All of lore.kernel.org
 help / color / mirror / Atom feed
From: "Darrick J. Wong" <djwong@kernel.org>
To: djwong@kernel.org
Cc: linux-xfs@vger.kernel.org, david@fromorbit.com
Subject: [PATCH 2/3] xfs: recalculate free rt extents after log recovery
Date: Sun, 10 Apr 2022 11:21:06 -0700	[thread overview]
Message-ID: <164961486596.70555.15167639007811062573.stgit@magnolia> (raw)
In-Reply-To: <164961485474.70555.18228016043917319266.stgit@magnolia>

From: Darrick J. Wong <djwong@kernel.org>

I've been observing periodic corruption reports from xfs_scrub involving
the free rt extent counter (frextents) while running xfs/141.  That test
uses an error injection knob to induce a torn write to the log, and an
arbitrary number of recovery mounts, frextents will count fewer free rt
extents than can be found the rtbitmap.

The root cause of the problem is a combination of the misuse of
sb_frextents in the incore mount to reflect both incore reservations
made by running transactions as well as the actual count of free rt
extents on disk.  The following sequence can reproduce the undercount:

Thread 1			Thread 2
xfs_trans_alloc(rtextents=3)
xfs_mod_frextents(-3)
<blocks>
				xfs_attr_set()
				xfs_bmap_attr_addfork()
				xfs_add_attr2()
				xfs_log_sb()
				xfs_sb_to_disk()
				xfs_trans_commit()
<log flushed to disk>
<log goes down>

Note that thread 1 subtracts 3 from sb_frextents even though it never
commits to using that space.  Thread 2 writes the undercounted value to
the ondisk superblock and logs it to the xattr transaction, which is
then flushed to disk.  At next mount, log recovery will find the logged
superblock and write that back into the filesystem.  At the end of log
recovery, we reread the superblock and install the recovered
undercounted frextents value into the incore superblock.  From that
point on, we've effectively leaked thread 1's transaction reservation.

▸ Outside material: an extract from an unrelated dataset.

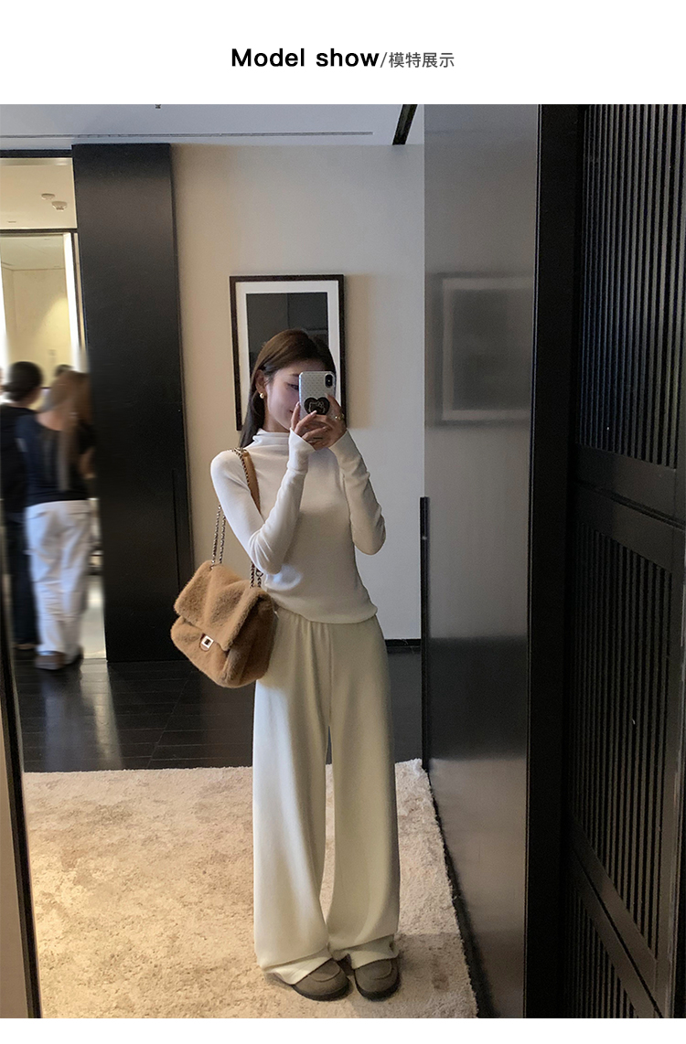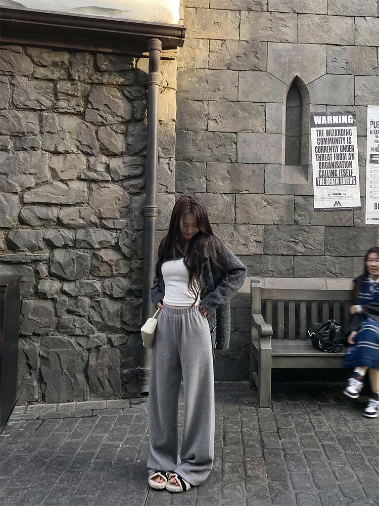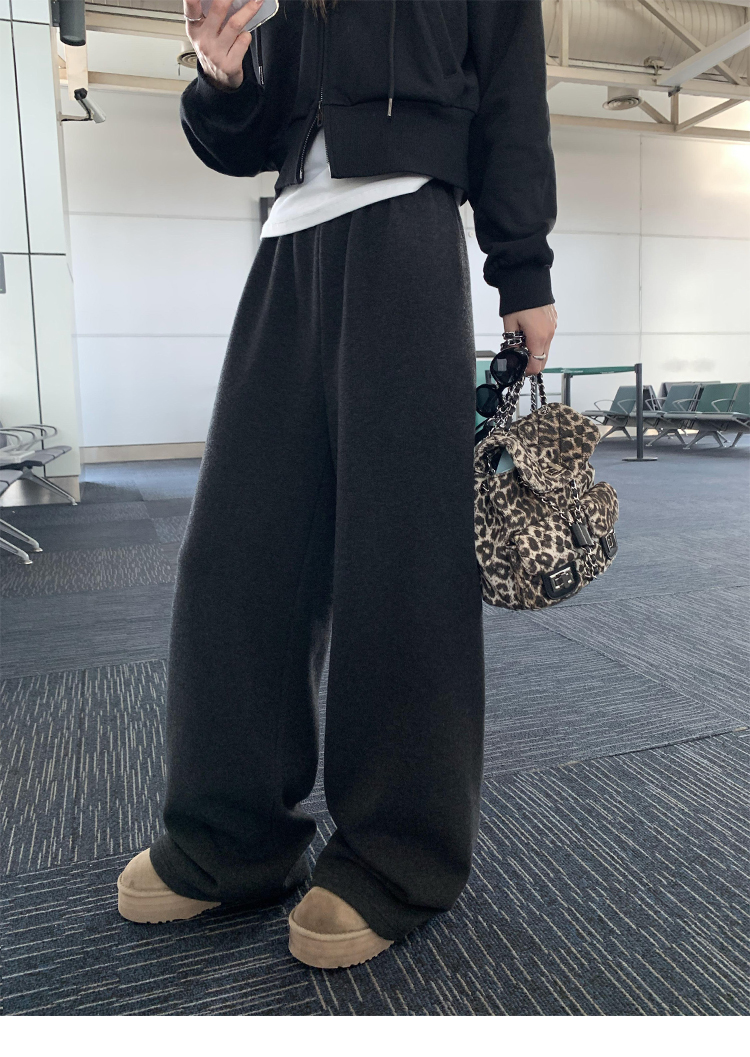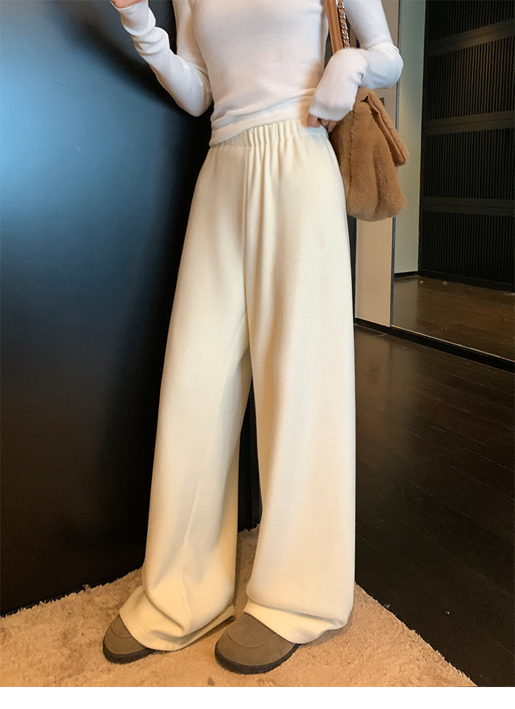 Pusumede Soft Casual Pants for Women, Autumn and Winter Fleece-Lined Pants, Loose Straight-Leg Wide-Leg Pants, Versatile Floor-Length Pants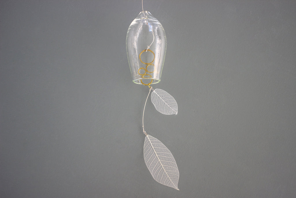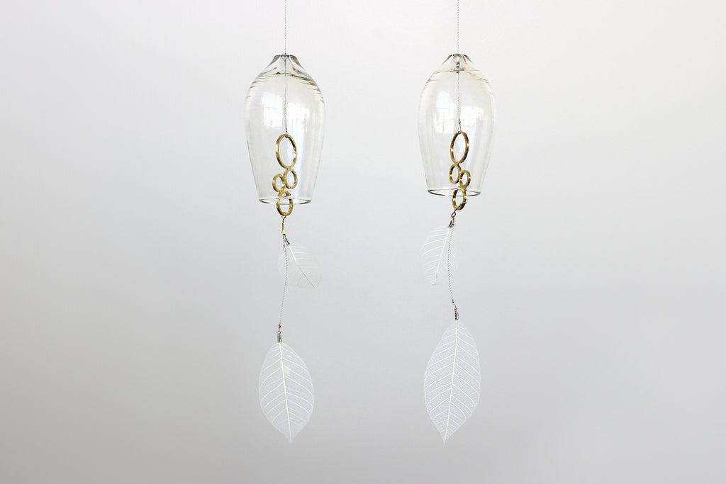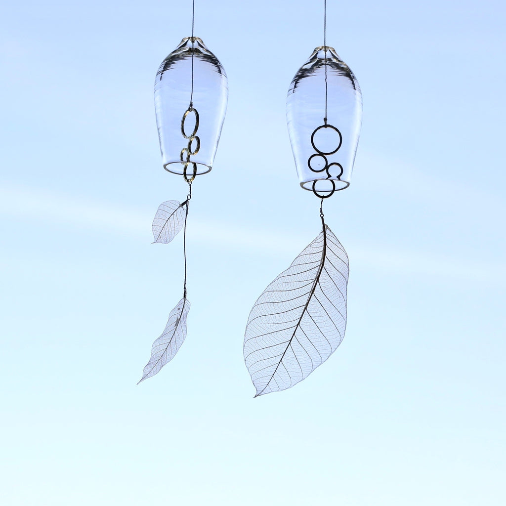 吹きガラスと真鍮の風鈴。夏のいい音がします。透明感の高いガラスに 自然のモチーフを付けた風受け、 真鍮の舌が心地いい音色を鳴らします。美しさと愛らしさがあるとりもとさんの風鈴です。贈り物にもおすすめです。

The correct fix for this is to separate the incore reservation from the
ondisk usage, but that's a matter for the next patch.  Because the
kernel has been logging superblocks with undercounted frextents for a
very long time and we don't demand that sysadmins run xfs_repair after a
crash, fix the undercount by recomputing frextents after log recovery.

Gating this on log recovery is a reasonable balance (I think) between
correcting the problem and slowing down every mount attempt.  Note that
xfs_repair will fix undercounted frextents.

Signed-off-by: Darrick J. Wong <djwong@kernel.org>
---
 fs/xfs/xfs_mount.c   |   41 ++++++++++++++++++++++++++++++++---------
 fs/xfs/xfs_rtalloc.c |   37 +++++++++++++++++++++++++++++++++++++
 fs/xfs/xfs_rtalloc.h |    2 ++
 3 files changed, 71 insertions(+), 9 deletions(-)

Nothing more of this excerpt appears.